Undang -undang tersebut juga akan melatih pasukan polisi dari polisi yang sudah Jepang untuk mengatur serangan mereka sendiri untuk menetralkan server aktor yang bermusuhan, dan akan memaksa operator infrastruktur kritis Jepang untuk menginformasikan pelanggaran cyber kepada pihak berwenang, yang enggan dilakukan di masa lalu karena takut mengakui kerentanan.

“Impuls untuk menyetujui undang -undang ini telah dipromosikan oleh sejumlah besar insiden dan sejumlah serangan di mana infrastruktur kritis, seperti pelabuhan laut, jaringan listrik, transportasi umum dan rumah sakit di Jepang, telah dikalahkan oleh penyerang yang diyakini didukung oleh pemerintah asing yang bermusuhan,” kata seorang penasihat pemerintah senior yang ditolak.
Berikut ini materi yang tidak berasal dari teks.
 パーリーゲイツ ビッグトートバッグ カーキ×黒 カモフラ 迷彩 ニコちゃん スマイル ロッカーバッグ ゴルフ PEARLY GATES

Sebuah laporan oleh Badan Kepolisian Nasional (NPA) yang diterbitkan pada bulan Maret menunjukkan tingkat rekor jenis serangan cyber tertentu, termasuk ransomware dan phishing. Penasihat pemerintah mengatakan kepada Financial Times bahwa bentuk -bentuk serangan lain yang terkait dengan aktor yang disponsori oleh negara juga berada pada titik tertinggi mereka.
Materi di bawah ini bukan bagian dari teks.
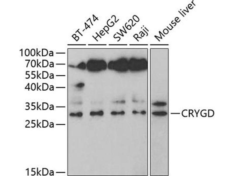 Crystallins are separated into two classes: taxon-specific, or enzyme, and ubiquitous. The latter class constitutes the major proteins of vertebrate eye lens and maintains the transparency and refractive index of the lens. Since lens central fiber cells lose their nuclei during development, these crystallins are made and then retained throughout life, making them extremely stable proteins. Mammalian lens crystallins are divided into alpha, beta, and gamma families, beta and gamma crystallins are also considered as a superfamily. Alpha and beta families are further divided into acidic and basic groups. Seven protein regions exist in crystallins: four homologous motifs, a connecting peptide, and N- and C-terminal extensions. Gamma-crystallins are a homogeneous group of highly symmetrical, monomeric proteins typically lacking connecting peptides and terminal extensions. They are differentially regulated after early development. Four gamma-crystallin genes (gamma-A through gamma-D) and three pseudogenes (gamma-E, gamma-F, gamma-G) are tandemly organized in a genomic segment as a gene cluster. Whether due to aging or mutations in specific genes, gamma-crystallins have been involved in cataract formation.,CRYGD,CACA,CCA3,CCP,CRYG4,CTRCT4,PCC,cry-g-D,Neuroscience,CRYGD
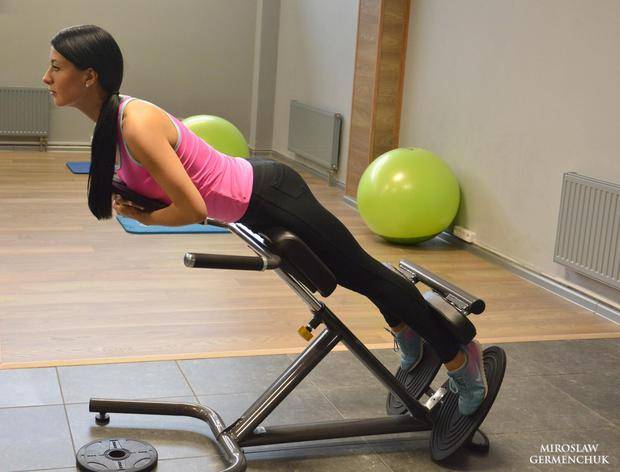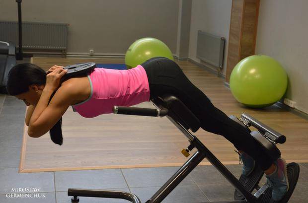 Во-первых, округлите спину: это снимет нагрузку с поясничного отдела и перенесет ее на ягодицы и бицепс бедра (одну из самых проблемных в плане накопления жировых отложений женских зон). Выполнять подъем в такой гиперэкстензии нужно усилием ягодиц, их вовлеченность будет ощущаться непосредственно, мышцы должны гореть. Не стоит забывать про отягощения: их необходимо подбирать в соответствии с вашей подготовкой. Удобнее всего брать диск и фиксировать его либо снизу, прижав к груди, либо сверху, на спине (предпочтительнее и безопаснее первый вариант).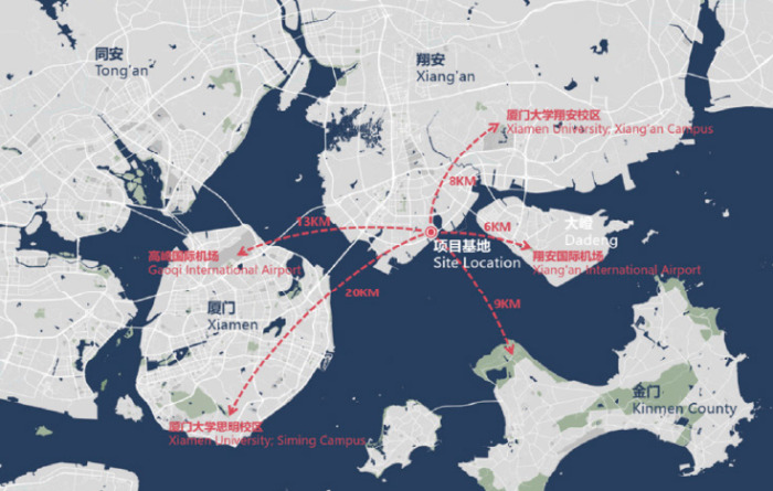 实验室选址位于翔安欧厝片区厦门海洋高新技术产业园区内东边地块,交通便利,距最近地铁站1.2公里:离翔安机场约为7公里,10分钟内可达;离翔安机场高速互通口约9公里,可快速连接厦蓉高速、沈海高速等。同时,选址毗邻地块临近核心科研单位,有助于促进资源有效整合、人才联合培养,共同辐射带动周边海洋产业发展。

Dalam penyebaran langsung yang luar biasa pada bulan Januari, NPA dan Pusat Nasional untuk Persiapan dan Strategi Insiden untuk Keamanan Cybersen mengungkapkan kampanye penggemar cybernetic bertahun -tahun yang beroperasi di Jepang, yang disebut “Mirrorface” dan mengatakan itu diduga didukung oleh China.

Badan itu mengatakan kampanye itu ditujukan untuk “mencuri informasi yang terkait dengan keamanan nasional dan teknologi canggih di Jepang.”

Persetujuan ACD terjadi ketika Jepang berupaya mengembangkan kapasitas untuk panennya sendiri untuk menanggapi serangan digital, karena untuk waktu yang lama tergantung pada teknologi negara -negara seperti Amerika Serikat dan Israel, dan untuk memperkuat posisi pertahanannya di tengah meningkatnya ketegangan geopolitik di wilayah tersebut.

Kementerian Ekonomi, Perdagangan dan Industri memperingatkan minggu ini bahwa Jepang menghadapi defisit yang diperkirakan sebesar 110.000 personel keamanan cyber yang memenuhi syarat, mengutip penyelidikan sektor swasta.

Toshio Nawa, direktur teknologi pertahanan kondenetik Nihon dan mantan kepala keamanan Komando Pertahanan Udara Jepang, mengatakan ada “keharusan strategis” sehingga Jepang mengakhiri ketergantungannya pada alat cybernetic yang dibangun oleh negara -negara lain.

“Hukum kita, ancaman kita dan konteks budaya kita berbeda dan pertahanan cybernetic kita juga harus,” katanya.